Перед самой околицей Алексей неожиданно рванул к кустам орешника, что стояли в стороне от дороги.
– Что, прижало, Леонидыч? – обманчиво ласково и предельно искрение спросил у старшего по званию рядовой Ларочкин.
– Прижмёт, когда штабной особист на губу сошлёт за неуставной вид. Ещё царь Петр I наставлял: «Подчинённый перед лицом начальствующим должен иметь вид лихой и придурковатый, дабы разумением своим не смущать начальства». А мы с тобой любое начальство такими сапогами не только смутим, но и разозлим. Так что пошли наяривать.
– Так мы же с задания!
Пока Подкопин сдавал с рук на руки немецкого языка, Ларочкин умудрился где-то урвать котелок каши с тушёнкой и, ополовинив его, теперь в благодушном настроении токовал перед связистками полка. Естественно, разговор шёл о подвигах славных разведчиков, «ибо они – самая соль всех родов войск Красной армии». То ли девушки и в самом деле были так увлечены рассказом, то ли, спасаясь от штабной рутины, делали вид, что им это всё безумно интересно. Но они всякий раз улыбались и смеялись, где того требовала канва повествования, а где надо, вскрикивали от страха и удивления. Ларочкин, слегка порозовев от удовольствия, вещал «о подвигах, о доблести, о славе».
– Мы даже поначалу и не обратили внимания, куда он делся. Беру я, значит, фашиста на прицел и вижу… Как-то странно, против ветра, колышется бурьян. А фрицу невдомёк, смотрит куда-то в сторону. Видно, светлое будущее своё высматривает. Думаю: «Пора снимать, слишком долго он в кустах семафорит» – и целюсь ему в плечо. А он вдруг брык… и пропал. Не успел я удивиться, как вижу в прицел, что на месте немецкой башки появляется голова Подкопина. И улыбается в тридцать два зуба, как Любовь Орлова.
В этот момент на крыльце штаба появился старший сержант и сразу заметил самозабвенное токование Ларочкина. А тот прикрыл глаза, поднял руку к лицу и, отбивая такт своим словам, вещал. Женщины, стоя возле Ильи, впали в гипнотический транс от его рассказа.

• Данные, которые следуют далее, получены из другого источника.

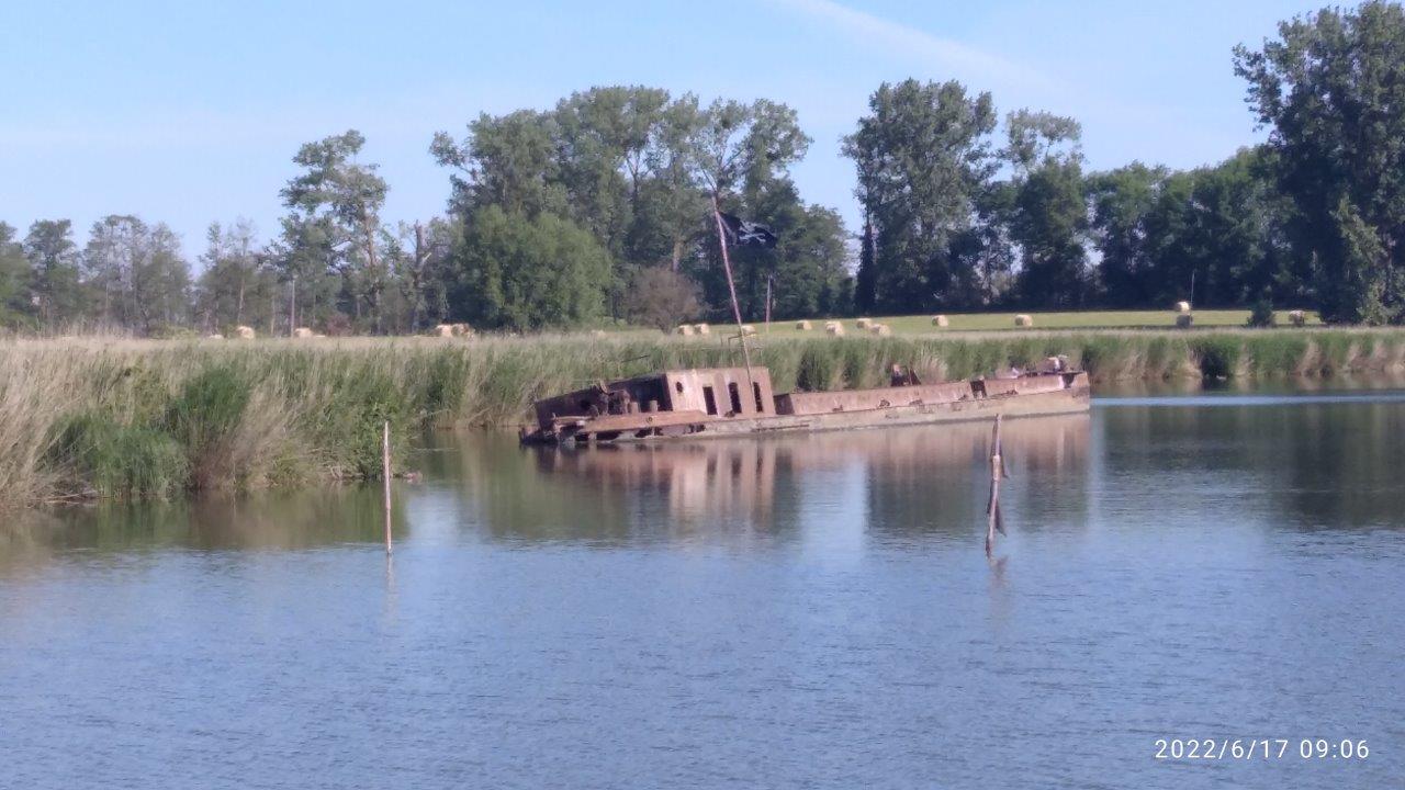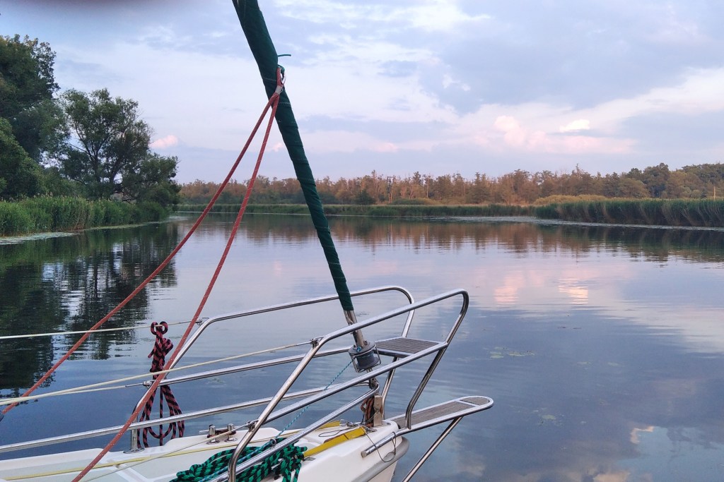 Rzucamy cumy i płyniemy na j. Dąbie. Chowamy się na noc na rz. Świętej w tzw. „zakątku”. To są nowo wybudowane z funduszy EU mini super pomosty z wiatami, stołami i co ważne z TOI TOI i to wszystko na wodzie. Nie ma możliwości wyjścia na brzeg. Jest cicho, b. czysto i klimatycznie. Nad nami błotniaki polują, kukułka kuka a żaby dają koncert. W oddali słychać Szczecin pracujący. Rano jak to w rz. Świętej tak jak w Gangesie trzeba się wykapać-oczyścić.

– Рядовой Ларочкин, не крутись в этом цветнике, как медведь на пасеке. Знаю я тебя – всё потопчешь! Берегитесь, девушки, рядовой Ларочкин – наше секретное оружие. Выпускаешь его на фрицев, а он их всех давит интеллектом.
– Так мы не фрицы! – задиристо ответила одна из девушек.
Крепко сбитая, но при этом изящная и прекрасная в своей южнорусской красоте. Лицо круглое, брови черные вразлёт, темно-вишневые глаза, полные лукавого света, волосы цвета вороного крыла заплетены в толстую косу. Сочные, хорошо очерченные губы. И дополняли эту красоту две очаровательные ямочки на щеках.
– Он, Катюша, – коротко кивнул Ларочкин.
– И откуда это такой строгий старший сержант появился? – заинтригованная рассказом Ларочкина, вступила в игру Катюша, решив сама попробовать на зуб и язычок хвалёного разведчика.